1. You need a source file (just an object file will not do)
2. You are encoding text and readability is an issue
3. Encoding speed & efficiency are of importance to you.

## Encoding

Alphabetic letters, digits, SPACE, as well as the following symbols are
exported as is:

!#%&'()*+,-./:;<=>?[]^_`{|}~

The following simple escape sequences are used:

\a\b\t\v\f\r\"\\

Newline is encoded as a newline escape code, followed by an actual, escaped
newline in the source. This improves readability of text. E.g.

This is the first line\n\
This is the second.

All other characters are encoded as a three letter octal escape code:

\000\001\002\003

This includes the zero terminator, `@`, `$` (which are not permitted
characters in C89) and `?` to avoid confusion with trigraphs.

### Text files

Text files stay mostly readable as long as only ascii characters are used.

### Unicode Support

No special steps are taken to encode unicode. The embedded file will use whatever
encoding the original file did use.

## Performance

The fastest way to embed a binary or text file is using the linker
directly (as shown above). Failing that, bin2c is quite quick.
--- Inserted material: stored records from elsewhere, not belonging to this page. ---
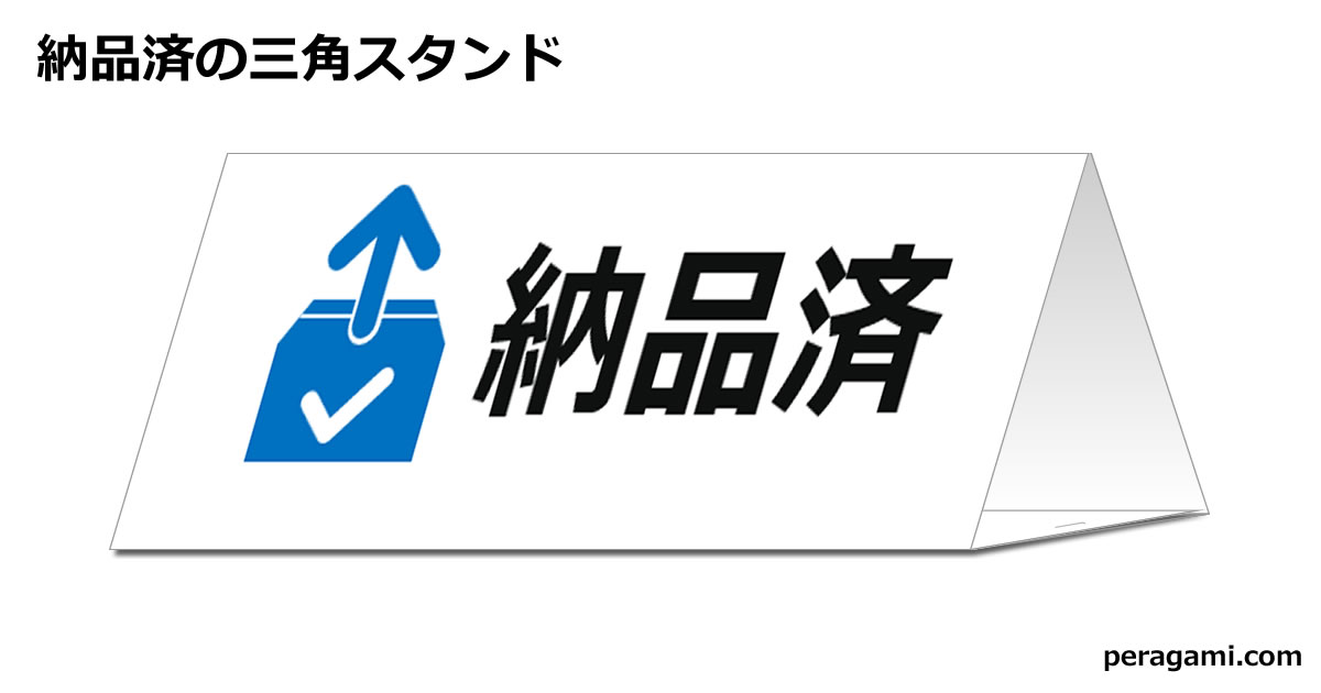 納品が完了した商品や資材の置き場に設置する三角スタンドです。現場で納品状況を明確に示し、次の工程(検収・設置など)へスムーズに移行できます。納品書番号や納品担当者を記載しておくと管理が簡単です。
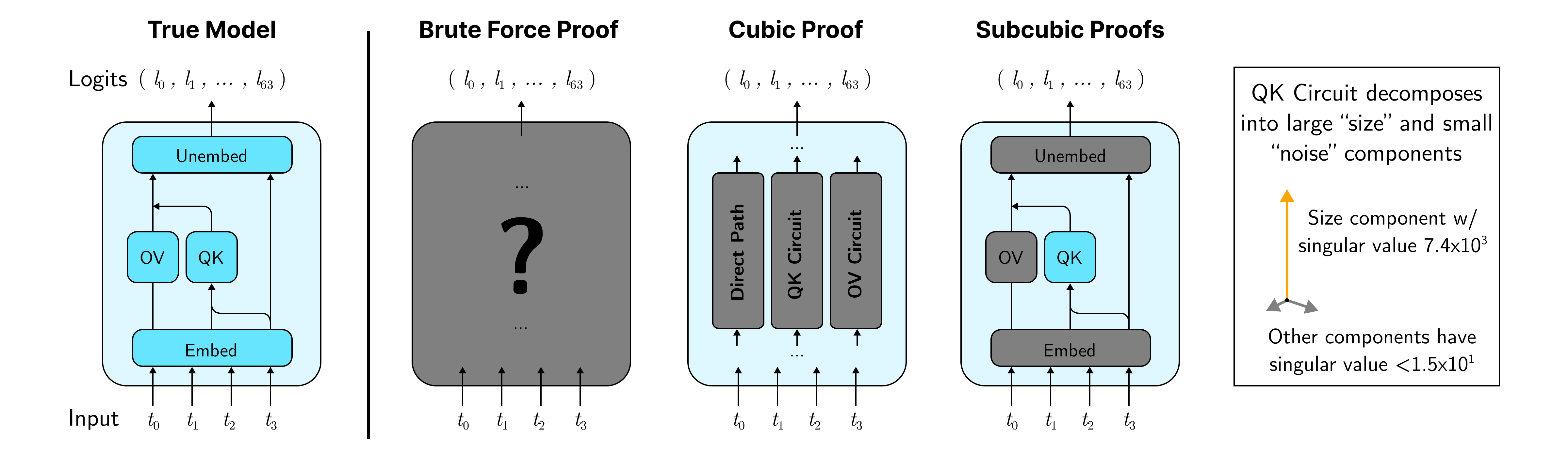 The third class of proof strategies examines each path independently, and groups the inputs for each path by two of the three types of tokens mentioned previously. To get cheaper proxies for model behavior, strategies in this class use knowledge that we might associate with traditional “mech interp”, such as the fact that the QK circuit is approximately rank one, with the principal component measuring the size of the key token.
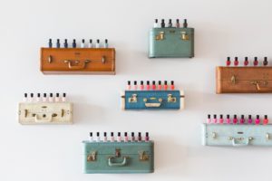 Barton continues her green theme throughout the space with re-purposed suitcases and furniture used as shelving; the pedicure area’s backdrop wall is made of tin recovered from a downtown Dallas building.
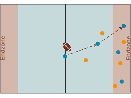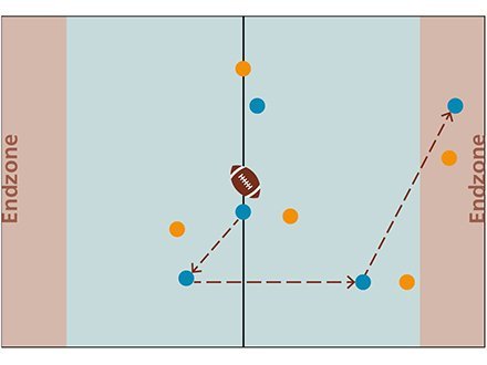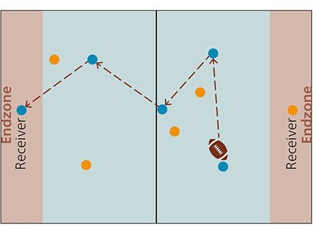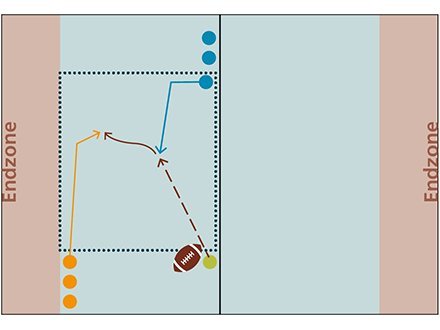 Dans cet exercice, les élèves essaient atteindre la zone d'en-but en se faisant des passes....
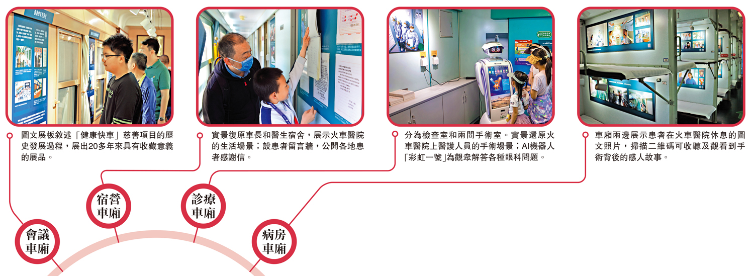 (大公報 記者 江鑫嫻)1997年7月1日,在香港回歸祖國的時刻,編號為G1997.7.1的「健康快車」—香港光明號火車醫院從香港啟程駛向安徽,開啟了光明之旅。「健康快車」是香港同胞送給內地同胞的禮物,旨在為欠發達地區需要幫扶的白內障患者提供免費復明手術。它將眼科手術室搬進火車車廂,配備一流的眼科醫護團隊和醫療設備,是中國第一列自主研發製造的火車醫院。26年來,「健康快車」已在內地28個省市累計為22萬餘名貧困患者免費實施了白內障手術治療。於2021年被中國鐵道博物館東郊館永久收藏的第一列「健康快車」變身火車醫院博物館,日前對公眾開放公益展覽,展現這列開往光明的列車滿載的愛與奉獻。
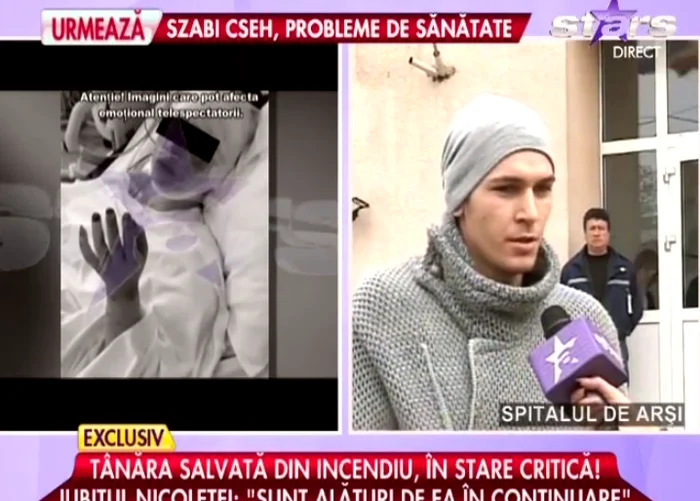 Se pare că tânăra încă scuipă funingine, semn că arsurile sunt încă grave. Urmează să fie supusă unei intervenţii chirurgicale, pentru a-I fi înlocuită pielea arsă cu piele prelevată de pe coapse. Ea încă nu este în afara pericolului, potrivit Antena Stars.
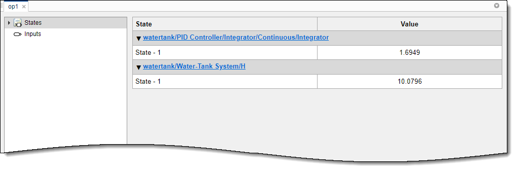 op = operpoint(sys)op = Operating point for the Model watertank. (Time-Varying Components Evaluated at time t=0) States: ---------- x _ (1.) watertank/PID Controller/Integrator/Continuous/Integrator 0 (2.) watertank/Water-Tank System/H 1 Inputs: None ----------
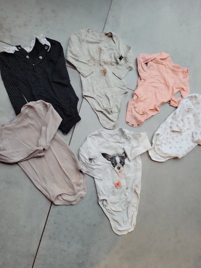 Lot de 6 body bébé 12 mois environ 74cm manche longue fille - photo numéro 1
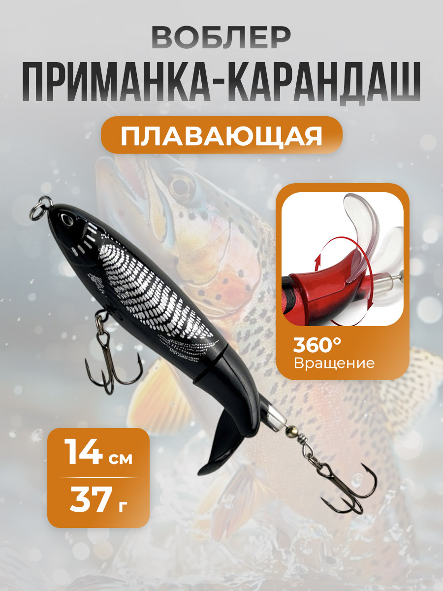 Приманка-карандаш класса "Плавающие (floating) - F", 14 см, 37 г — это современная приманка для рыбалки, разработанная для максимального привлечения хищной рыбы и повышения связности попаданий в условиях как на стоячей воде, так и в быстрой струе. Ее уникальная конструкция в форме цилиндрического карандаша обеспечивает стабильное полетное поведение при забросе и небольшую боковую раскачку на свободном движении, что делает ее заметной и узнаваемой на воде. Основной принцип работы основан на двух ключевых элементах: плавучесть и динамическая вибрация. Тело приманки изготовлено из прочного и легкого по весу материала, что позволяет ей удерживаться на плаву даже при активной проводке. Водонепроницаемая и жесткая конструкция обеспечивает долговечность и устойчивость к износу при частом контакте с донной поверхностью и растительностью.
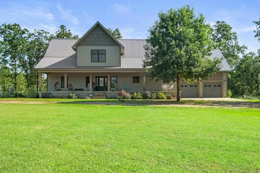 Welcome to your own private retreat! This custom-built, stunning 3BR, 3.5BA home sits on 18 peaceful acres and offers 3,704 sq ft of thoughtfully designed space. Features include an office with built-ins, two spacious living areas, abundant storage, a large laundry/mudroom, and an oversized garage with a safe room. The main-level primary suite includes access to a private covered deck and a spa-style bathroom with a freestanding tub, tiled walk-in shower, custom cabinetry, and a large built-in closet. Upstairs are two oversized bedrooms, each with a full bath and multiple closets plus a central second living area and a laundry chute. The open-concept kitchen/living area features vaulted ceilings, natural light, and beautiful views. Exterior highlights include a 54x60 shop (30x40 enclosed, with lean-to storage and two overhead doors), a circle driveway, large covered porches, and a 4-acre stocked pond with a dock. A rare find offering space, comfort, and privacy! *Ask to see video tour and floor plans. Proof of funds or pre-approval are required before showings.
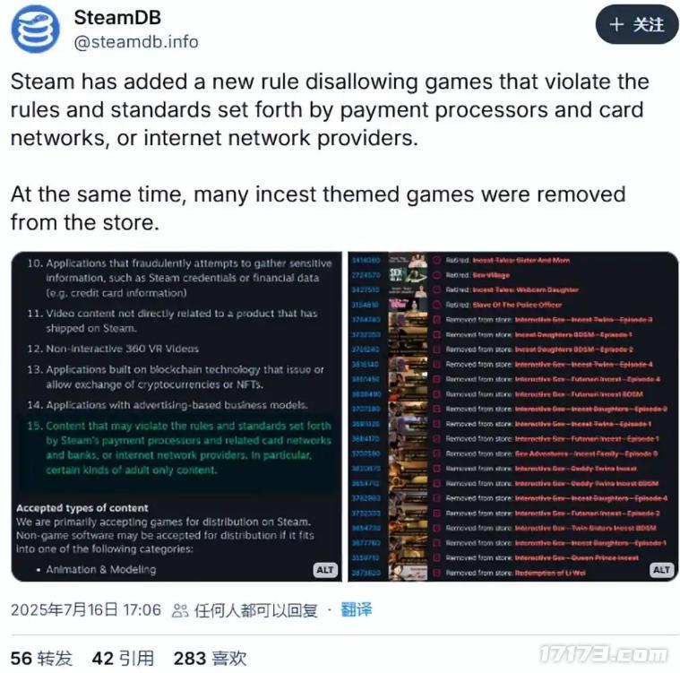 7月底,Steam悄悄下架了不少極端成ren題材的遊戲,不少數據機構猜測這都是與一項新增的支付條款相關。
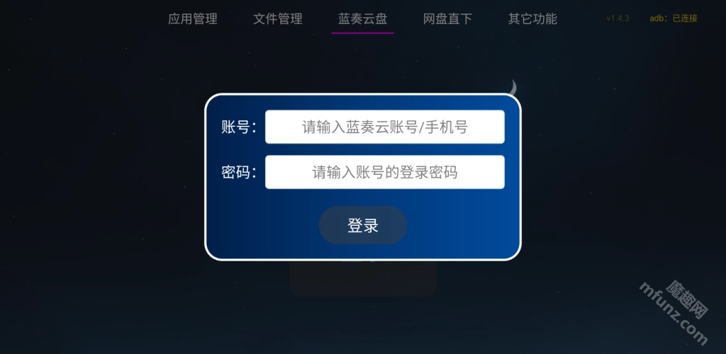 这款工具具备登录个人蓝奏云网盘的功能,能够直接安装网盘中存储的文件,但需要用户提前把相关文件保存到蓝奏云网盘里。
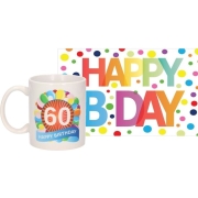 Verjaardag cadeau mok/beker 60 jaar print 300 ml + A5-size wenskaart Happy Birthday. Leuke koffiemok om als cadeau te geven. Tevens in deze set een Gefeliciteerd verjaardagskaart / ansichtkaart…

bin2c is both quicker than xxd at actually generating the source file (by a
factor of around 30x to 40x) and both clang and gcc are faster at embedding
the source generated by bin2c (20x-30x faster than xxd generated source).

### Benchmarks

Benchmarks Recorded on a i7-9700K CPU @ 3.60GHz.
Bigger numbers are better.

Comparing raw xxd and bin2c encoding performance.

```
xxd 13.9045 Mb/s
bin2c 547.613 Mb/s
```

Comparing compilation speeds using xxd, bin2c and bypassing the compiler
althogether:

```
xxd_gcc 0.918 Mb/s
xxd_clang 1.160 Mb/s
bin2c_gcc 18.879 Mb/s
bin2c_clang 32.761 Mb/s
compile_ld 1559.670 Mb/s
```

Comparing bin2c_gcc (generating the source file on the fly) and bin2c_gcc_baseline
compiling a cached bin2c generated source file. (Indicates how much impact improving
the performance of bin2c would have on the total compile time).

```
bin2c_gcc 18.879 Mb/s
bin2c_gcc_baseline 19.126 Mb/s
bin2c_clang 32.761 Mb/s
bin2c_clang_baseline 33.570 Mb/s
```

## LICENSE

Author: Karolin Varner

Copyright 2019 Adobe. All rights reserved.
This file is licensed to you under the Apache License, Version 2.0 (the "License");
you may not use this file except in compliance with the License. You may obtain a copy
of the License at http://www.apache.org/licenses/LICENSE-2.0

Unless required by applicable law or agreed to in writing, software distributed under
the License is distributed on an "AS IS" BASIS, WITHOUT WARRANTIES OR REPRESENTATIONS
OF ANY KIND, either express or implied. See the License for the specific language
governing permissions and limitations under the License.